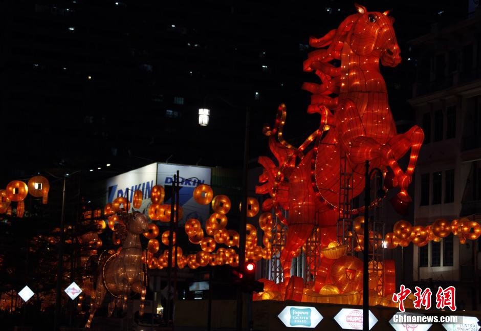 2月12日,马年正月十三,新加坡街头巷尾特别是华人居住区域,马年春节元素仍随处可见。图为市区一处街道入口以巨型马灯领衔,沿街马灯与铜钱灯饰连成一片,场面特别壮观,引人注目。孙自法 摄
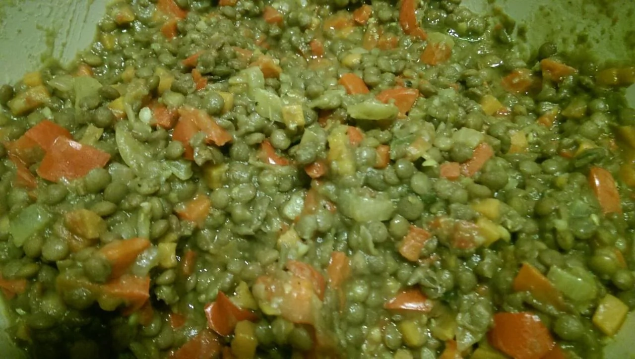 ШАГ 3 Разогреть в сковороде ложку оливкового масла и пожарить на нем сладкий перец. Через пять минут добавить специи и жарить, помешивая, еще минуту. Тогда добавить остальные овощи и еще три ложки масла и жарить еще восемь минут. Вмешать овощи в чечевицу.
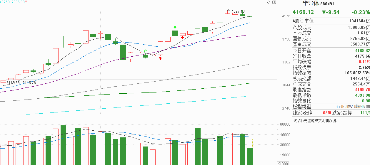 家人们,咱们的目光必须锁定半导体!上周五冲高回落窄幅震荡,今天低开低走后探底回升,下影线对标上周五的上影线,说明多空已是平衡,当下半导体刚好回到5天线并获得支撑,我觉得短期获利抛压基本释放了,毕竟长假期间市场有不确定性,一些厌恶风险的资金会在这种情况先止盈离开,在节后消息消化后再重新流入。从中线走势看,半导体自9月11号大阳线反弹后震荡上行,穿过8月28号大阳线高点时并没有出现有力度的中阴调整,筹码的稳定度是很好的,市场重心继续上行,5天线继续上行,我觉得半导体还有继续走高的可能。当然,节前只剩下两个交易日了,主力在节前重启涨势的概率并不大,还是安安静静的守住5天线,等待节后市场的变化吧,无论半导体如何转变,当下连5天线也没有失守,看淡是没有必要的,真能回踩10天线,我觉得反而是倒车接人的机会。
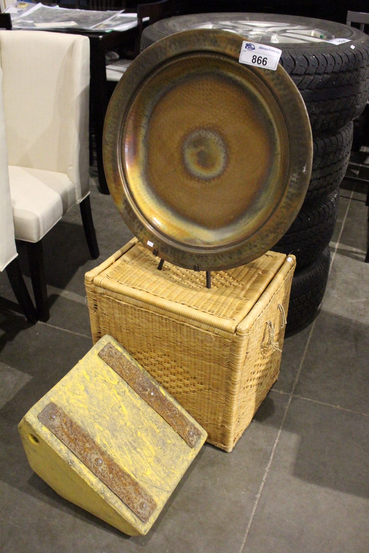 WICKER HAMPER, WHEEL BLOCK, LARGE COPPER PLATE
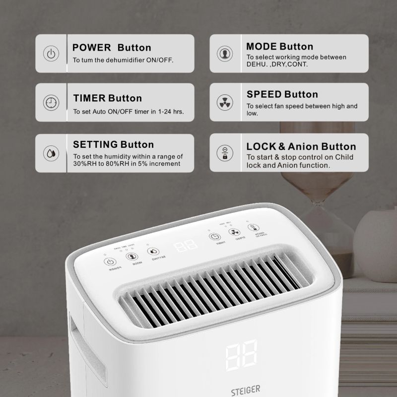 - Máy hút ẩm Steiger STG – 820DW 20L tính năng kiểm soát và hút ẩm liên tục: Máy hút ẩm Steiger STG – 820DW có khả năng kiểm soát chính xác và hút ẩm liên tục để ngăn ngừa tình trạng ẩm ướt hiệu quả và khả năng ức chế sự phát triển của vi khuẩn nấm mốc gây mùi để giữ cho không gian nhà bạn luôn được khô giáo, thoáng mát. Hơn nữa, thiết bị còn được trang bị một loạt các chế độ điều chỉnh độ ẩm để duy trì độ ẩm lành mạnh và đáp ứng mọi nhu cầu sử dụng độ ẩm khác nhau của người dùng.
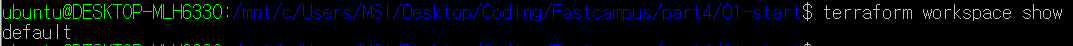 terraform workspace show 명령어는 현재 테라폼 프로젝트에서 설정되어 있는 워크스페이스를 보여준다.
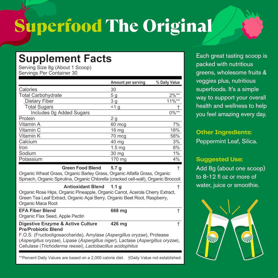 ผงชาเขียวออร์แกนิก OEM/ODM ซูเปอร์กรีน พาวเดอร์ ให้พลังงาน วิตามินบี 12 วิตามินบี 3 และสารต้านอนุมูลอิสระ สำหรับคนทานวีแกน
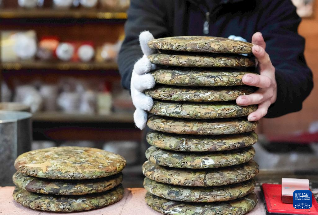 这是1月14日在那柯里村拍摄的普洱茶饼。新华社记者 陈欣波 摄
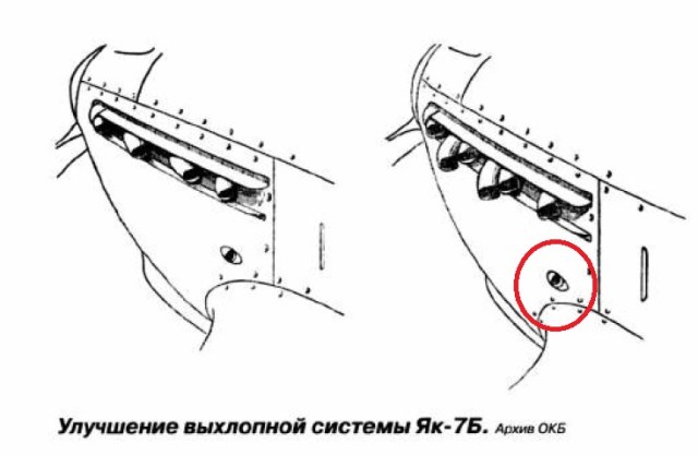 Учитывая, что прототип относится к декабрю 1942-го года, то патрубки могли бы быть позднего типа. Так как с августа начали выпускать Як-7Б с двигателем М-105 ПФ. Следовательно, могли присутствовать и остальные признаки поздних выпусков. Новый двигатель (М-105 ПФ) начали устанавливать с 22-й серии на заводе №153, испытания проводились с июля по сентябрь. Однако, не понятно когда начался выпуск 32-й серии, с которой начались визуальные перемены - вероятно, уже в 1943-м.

...

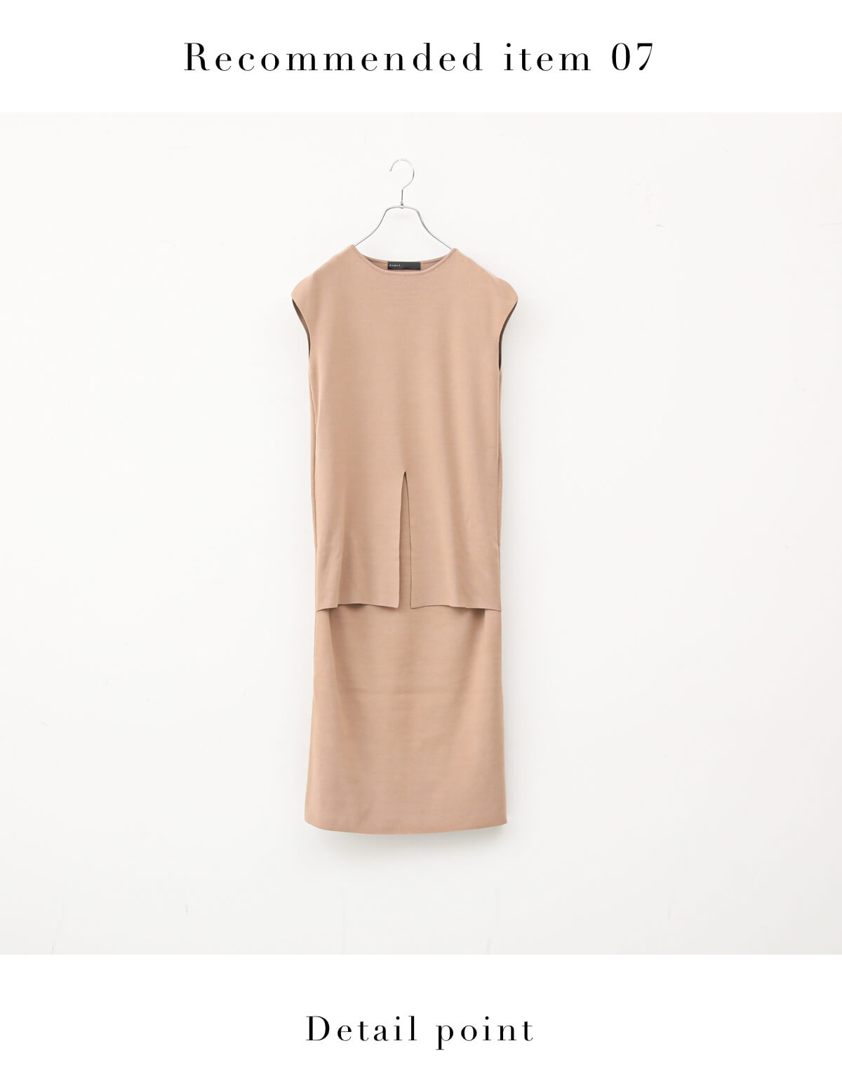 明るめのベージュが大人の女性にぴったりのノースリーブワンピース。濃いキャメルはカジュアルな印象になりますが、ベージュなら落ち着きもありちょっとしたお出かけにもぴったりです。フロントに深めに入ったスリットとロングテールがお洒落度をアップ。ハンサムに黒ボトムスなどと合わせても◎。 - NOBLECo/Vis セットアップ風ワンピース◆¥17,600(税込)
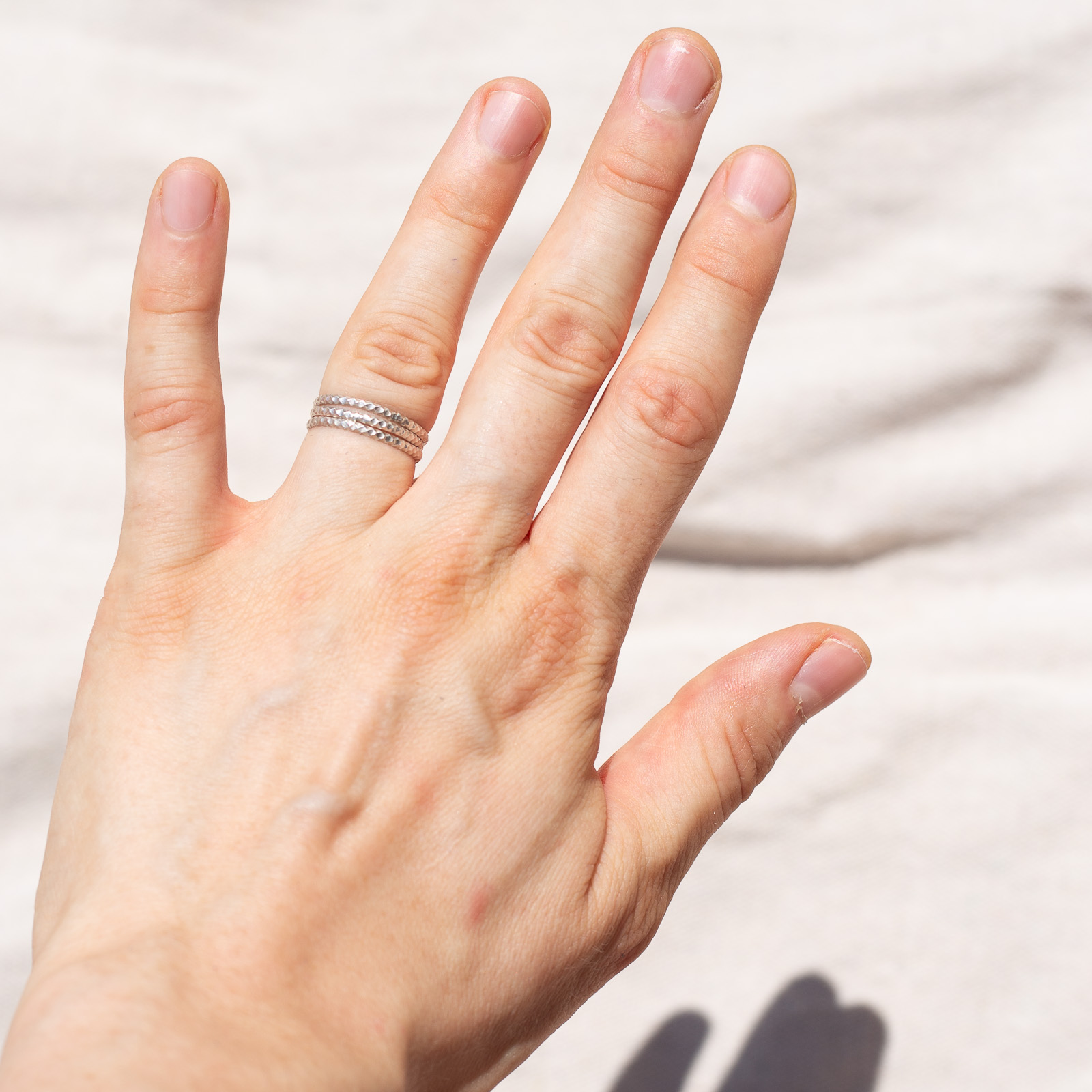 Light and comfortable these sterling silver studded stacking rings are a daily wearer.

==

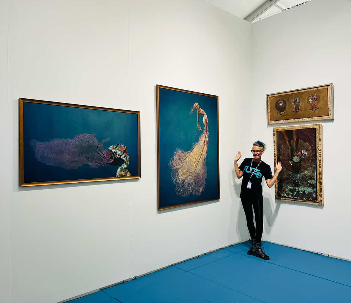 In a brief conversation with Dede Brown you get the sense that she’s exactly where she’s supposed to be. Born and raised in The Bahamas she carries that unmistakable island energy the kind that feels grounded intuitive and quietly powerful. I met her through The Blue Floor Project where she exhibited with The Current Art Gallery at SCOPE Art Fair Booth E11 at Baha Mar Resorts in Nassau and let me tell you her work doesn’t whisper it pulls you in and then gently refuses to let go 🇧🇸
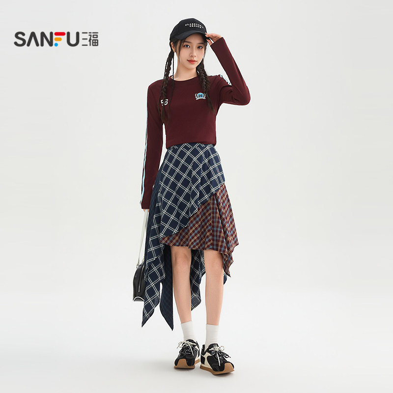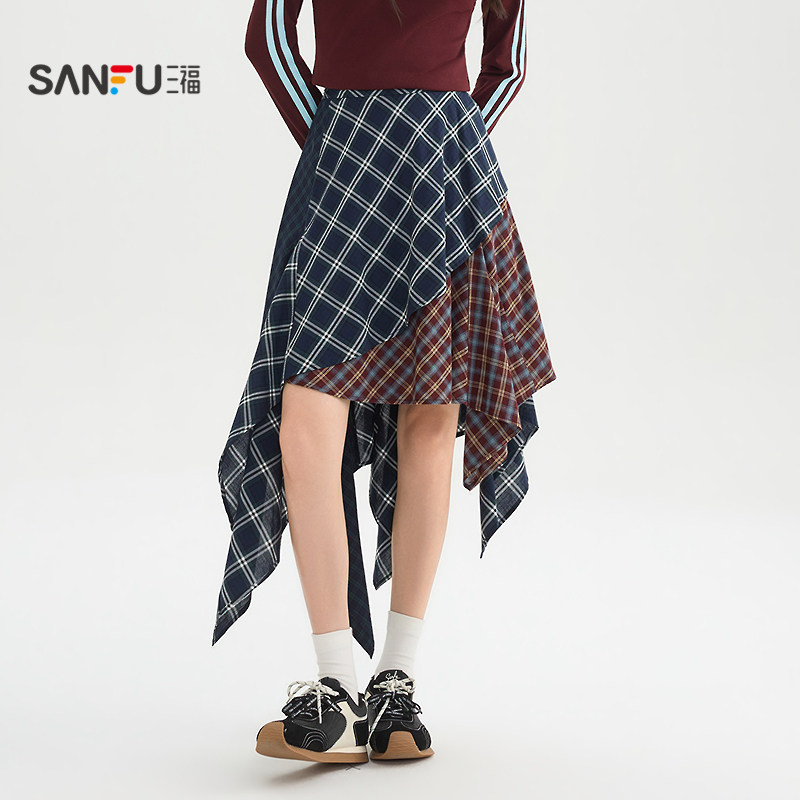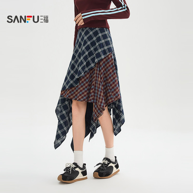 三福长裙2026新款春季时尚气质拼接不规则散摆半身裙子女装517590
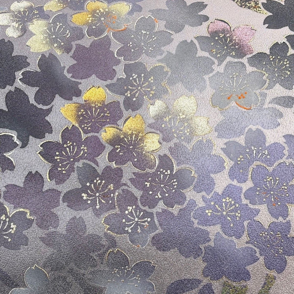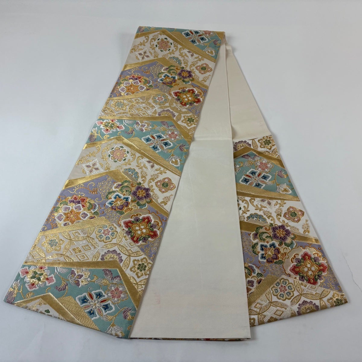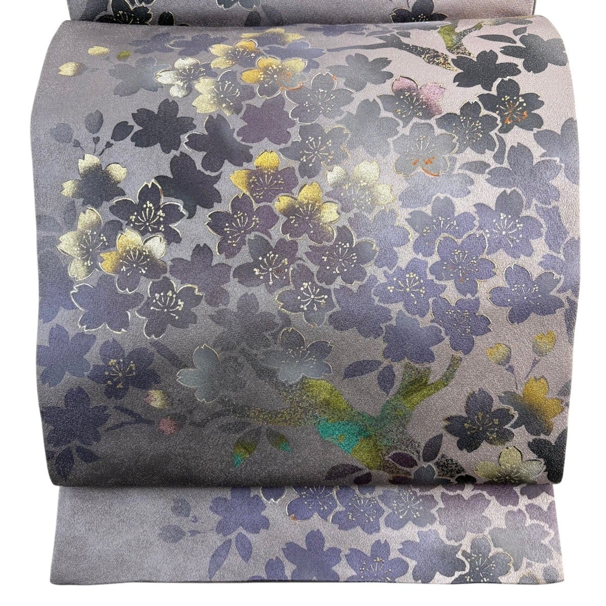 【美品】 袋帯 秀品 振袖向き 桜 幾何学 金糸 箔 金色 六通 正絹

* **WHAT TO WORK ON**
Leaving each picture behind, please give again exactly the lines above from the one with "家人们,咱们的目光必须锁定半" through the one with "WICKER HAMPER, WHEEL", both included, and no others.

* **OUTPUT BELOW**
 家人们,咱们的目光必须锁定半导体!上周五冲高回落窄幅震荡,今天低开低走后探底回升,下影线对标上周五的上影线,说明多空已是平衡,当下半导体刚好回到5天线并获得支撑,我觉得短期获利抛压基本释放了,毕竟长假期间市场有不确定性,一些厌恶风险的资金会在这种情况先止盈离开,在节后消息消化后再重新流入。从中线走势看,半导体自9月11号大阳线反弹后震荡上行,穿过8月28号大阳线高点时并没有出现有力度的中阴调整,筹码的稳定度是很好的,市场重心继续上行,5天线继续上行,我觉得半导体还有继续走高的可能。当然,节前只剩下两个交易日了,主力在节前重启涨势的概率并不大,还是安安静静的守住5天线,等待节后市场的变化吧,无论半导体如何转变,当下连5天线也没有失守,看淡是没有必要的,真能回踩10天线,我觉得反而是倒车接人的机会。
 WICKER HAMPER, WHEEL BLOCK, LARGE COPPER PLATE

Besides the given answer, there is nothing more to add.